Известный театровед Любовь Фрейдкина писала об игре Миронова и обо всей постановке в целом: „Играя Чацкого, Андрей Миронов не надевал очки, не подбирал особый грим, чтобы походить на Грибоедова. Он не отождествлял Чацкого с Грибоедовым, как делают иногда в школьных сочинениях. В исполнении роли раскрывалась вся якобы хрестоматийная, но до конца не разгаданная пьеса и сам автор с его надеждами, превратностями изменчивой судьбы, трагическими прозрениями…

Пьеса, втиснутая в фамусовский особняк, в события лишь одного дня, вмещала проблемы века – ещё не остывший страх перед якобинской диктатурой, расколы и безверие в Петербурге, разжалование в солдаты, тайные собрания и даже Бейрона (Байрона), погибшего в Греции в год окончания „Горе от ума““.

Актёр интеллектуального склада Андрей Миронов, изучив роль, ознакомившись с 1820-ми годами, выходил на сцену, осенённый прочитанным, узнанным, продуманным.
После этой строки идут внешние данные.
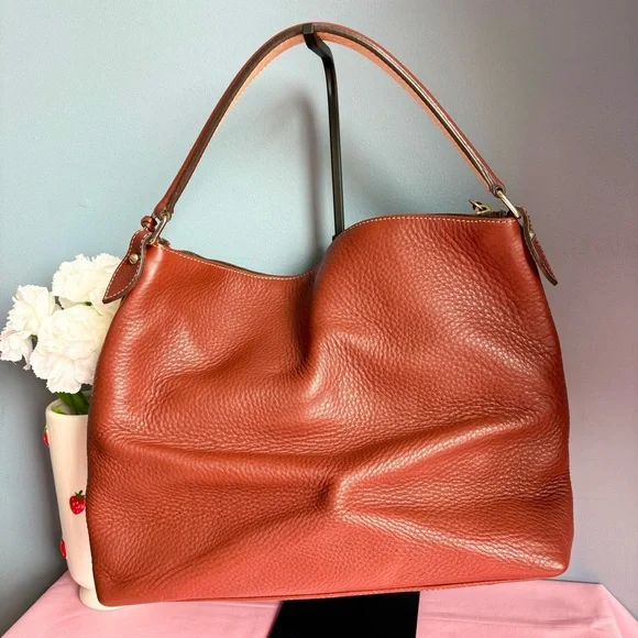Experience the perfect blend of style and practicality with this Dooney & Bourke hobo bag in a vibrant orange hue. Crafted from high-quality pebbled leather, it features a slouchy silhouette and gold-tone hardware for a touch of elegance. Ideal for everyday use, this bag offers both functionality and a chic aesthetic. Pristine condition!!! So many pockets inside. The leather and quality craftsmanship of this bag is amazing! Softest leather.
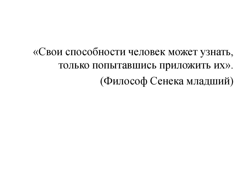 «Свои способности человек может узнать,только попытавшись приложить их».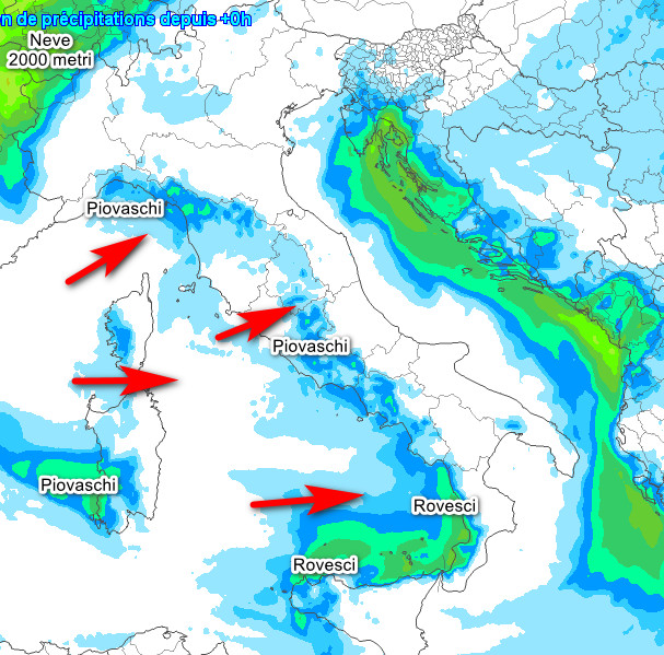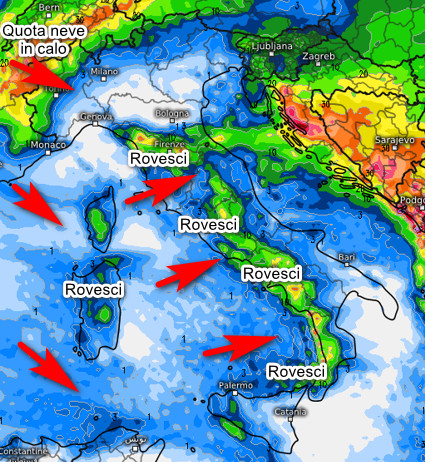 Rovesci ed anche qualche temporale sul versante tirrenico, zone interne, Sardegna occidentale e nord Sicilia. Attenzione ai venti forti ed ai mari in cattive condizioni con mareggiate sui lidi occidentali. Assenza di fenomeni sulle pianure del nord e su buona parte del versante adriatico, in ombra pluviometrica. Abbondanti nevicate tra Val d’Aosta, Ossola e rilievi più occidentali con quota neve in calo da 1800 metri della mattinata a 800-1000 metri in serata. Possibile vento di caduta dalle Alpi, molto mite, in Valpadana. Temperature sempre miti su tutte le regioni, in calo solo dalla sera al nord.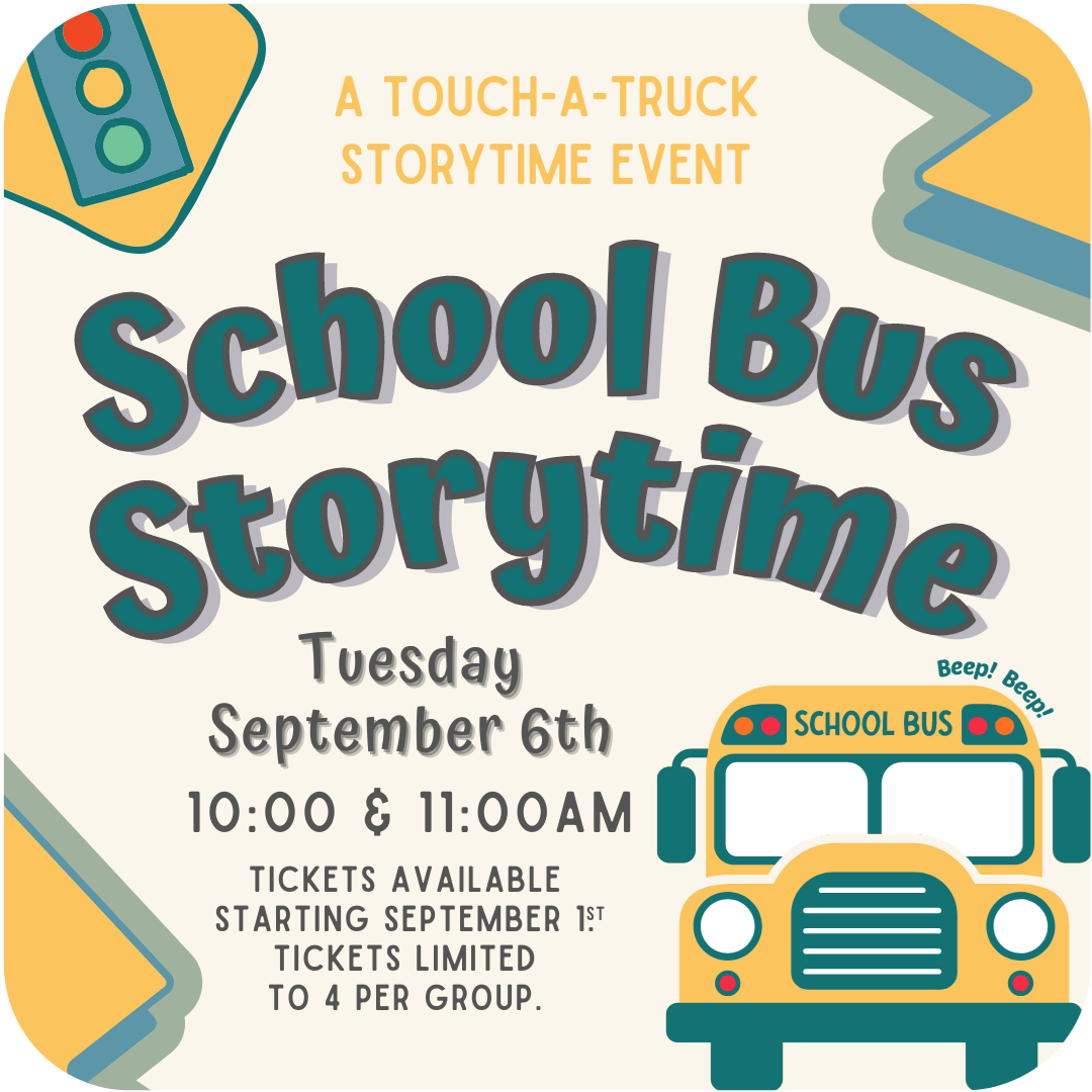 School Bus Storytime: Touch-a-Truck Event Tuesday, Sept. 6, 10 & 11am Central Library Tabby Theater Advance tickets (free) available starting September 1.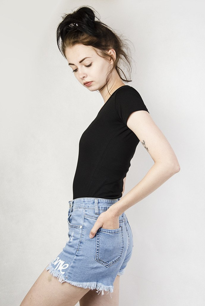 Czarne body z krótkim rękawem. Zapinane na zatrzaski.

Так мне, по крайней мере, казалось.

Чацкий неотрывно наблюдал за всеми окружающими, ужасаясь пустоте, суетности их существования. Сам он чужд суете. Популярные хлёсткие реплики актёр произносил без чрезмерных подчёркиваний. „Служить бы рад, прислуживаться тошно“. Реплику завершает точка, а не восклицательный знак… Не забыть, как Чацкий слушал разглагольствования Фамусова и Скалозуба – домашних казарменных готтентотов. Их духовная нищета удручала. Взрываясь обличительным монологом, актёр не ударял в набат, не бил тревогу, а тревожно размышлял… На сцене Чацкий делил заботы, сомнения, надежды лучших людей из дворян. Мог ли при этом Андрей Миронов уйти от наших трудных, сложных 70-х годов? От наших Фамусовых и Молчалиных с их страстью к карьере, выгоде, стяжательству? Скверное, к сожалению, уцелело. Банкеты, награды, „обеды, ужины и танцы“ кое-кому зажимали рты. Бессловесные были в большем почёте, нежели правдолюбцы».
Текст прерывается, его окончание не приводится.